A line counts if it contains the word "unsicheren" at least once. State how many such lines the records contain, giving the number alone.
BEGIN GIVEN DATA
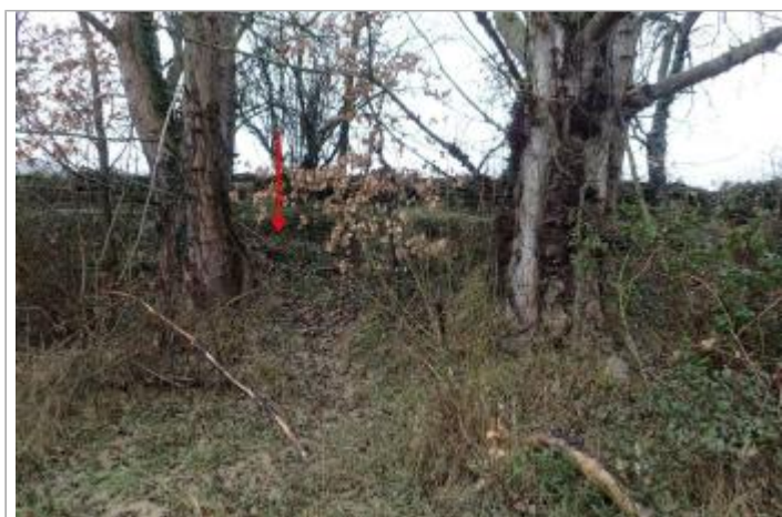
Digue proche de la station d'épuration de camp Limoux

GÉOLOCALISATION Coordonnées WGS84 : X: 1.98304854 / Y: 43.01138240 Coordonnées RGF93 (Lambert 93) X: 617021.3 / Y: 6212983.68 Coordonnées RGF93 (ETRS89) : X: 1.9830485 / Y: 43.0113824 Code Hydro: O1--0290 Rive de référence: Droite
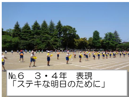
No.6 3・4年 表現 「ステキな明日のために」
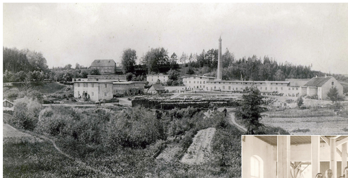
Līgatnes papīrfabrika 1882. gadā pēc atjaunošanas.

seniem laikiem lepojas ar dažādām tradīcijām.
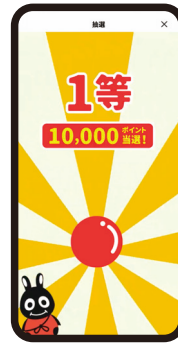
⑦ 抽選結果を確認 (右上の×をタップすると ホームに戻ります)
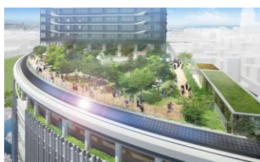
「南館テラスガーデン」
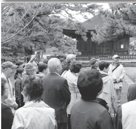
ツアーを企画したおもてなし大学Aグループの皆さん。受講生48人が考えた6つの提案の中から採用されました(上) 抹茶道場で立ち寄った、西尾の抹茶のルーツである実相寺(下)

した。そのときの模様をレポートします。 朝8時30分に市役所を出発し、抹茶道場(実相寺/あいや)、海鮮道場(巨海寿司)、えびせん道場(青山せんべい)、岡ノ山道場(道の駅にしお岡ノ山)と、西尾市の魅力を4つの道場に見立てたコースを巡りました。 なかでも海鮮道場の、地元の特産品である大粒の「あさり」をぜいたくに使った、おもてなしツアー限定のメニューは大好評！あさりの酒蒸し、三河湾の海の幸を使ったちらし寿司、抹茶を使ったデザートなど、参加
END GIVEN DATA
BEGIN GIVEN DATA
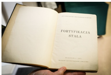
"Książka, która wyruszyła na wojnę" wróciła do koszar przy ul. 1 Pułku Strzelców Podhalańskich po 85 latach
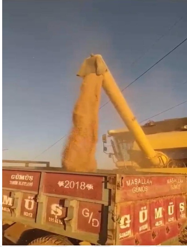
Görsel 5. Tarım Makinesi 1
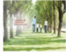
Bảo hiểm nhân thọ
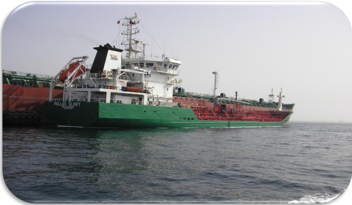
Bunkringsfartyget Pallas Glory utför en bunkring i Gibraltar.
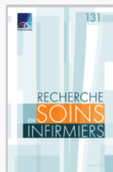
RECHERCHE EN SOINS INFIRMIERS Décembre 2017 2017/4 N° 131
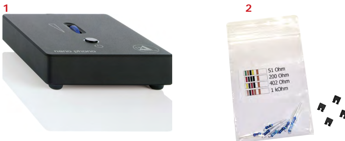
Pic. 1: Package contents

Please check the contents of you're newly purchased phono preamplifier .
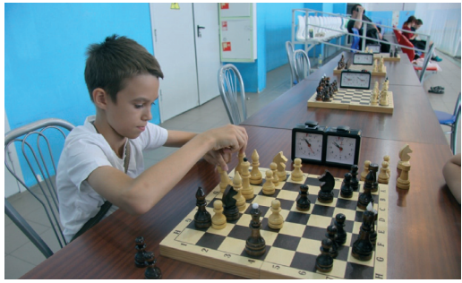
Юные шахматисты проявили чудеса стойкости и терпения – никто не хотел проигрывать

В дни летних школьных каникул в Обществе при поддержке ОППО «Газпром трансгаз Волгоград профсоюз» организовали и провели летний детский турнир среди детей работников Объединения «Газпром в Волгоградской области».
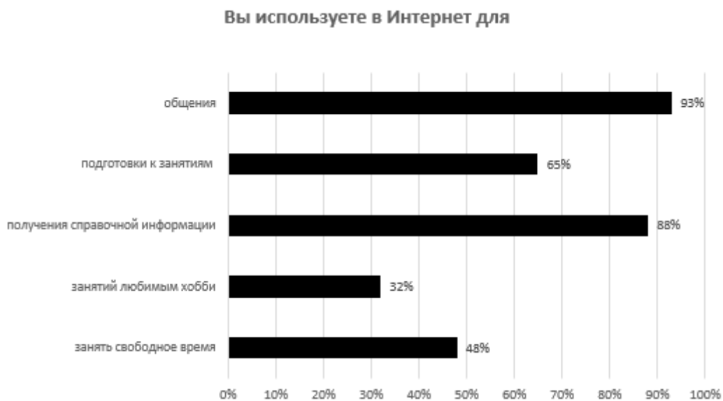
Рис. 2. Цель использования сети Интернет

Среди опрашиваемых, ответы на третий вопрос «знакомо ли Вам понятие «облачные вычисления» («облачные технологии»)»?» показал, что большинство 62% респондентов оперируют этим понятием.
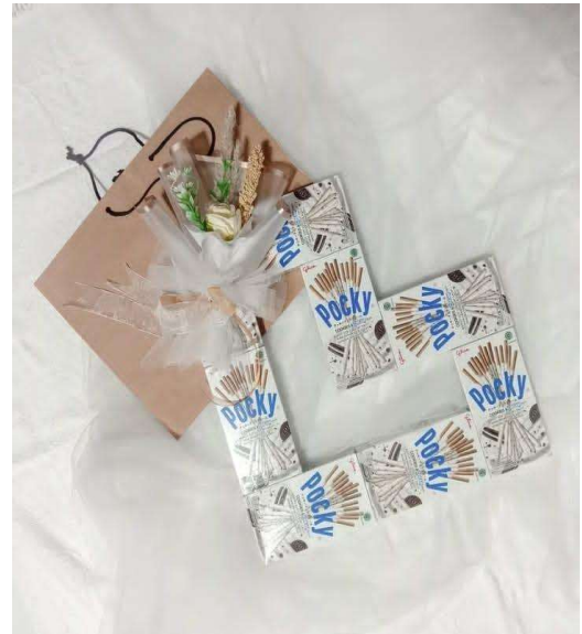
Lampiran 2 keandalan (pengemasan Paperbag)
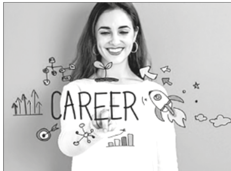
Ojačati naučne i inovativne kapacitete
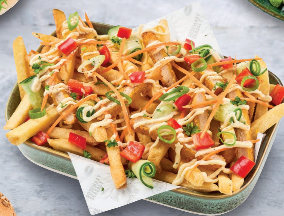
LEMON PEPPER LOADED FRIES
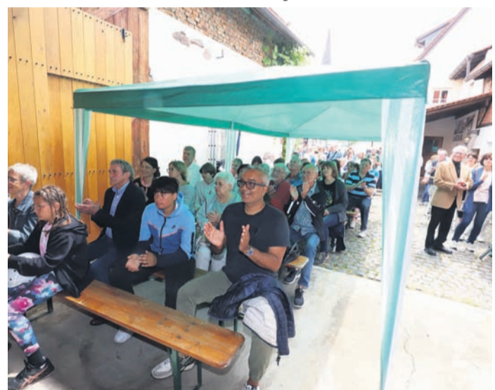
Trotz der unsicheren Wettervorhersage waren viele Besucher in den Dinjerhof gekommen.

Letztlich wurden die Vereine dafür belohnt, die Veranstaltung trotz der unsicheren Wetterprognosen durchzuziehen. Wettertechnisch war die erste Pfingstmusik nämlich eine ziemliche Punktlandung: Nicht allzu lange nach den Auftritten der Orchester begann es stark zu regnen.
END GIVEN DATA
■ ANSWER TO THIS PROBLEM: 2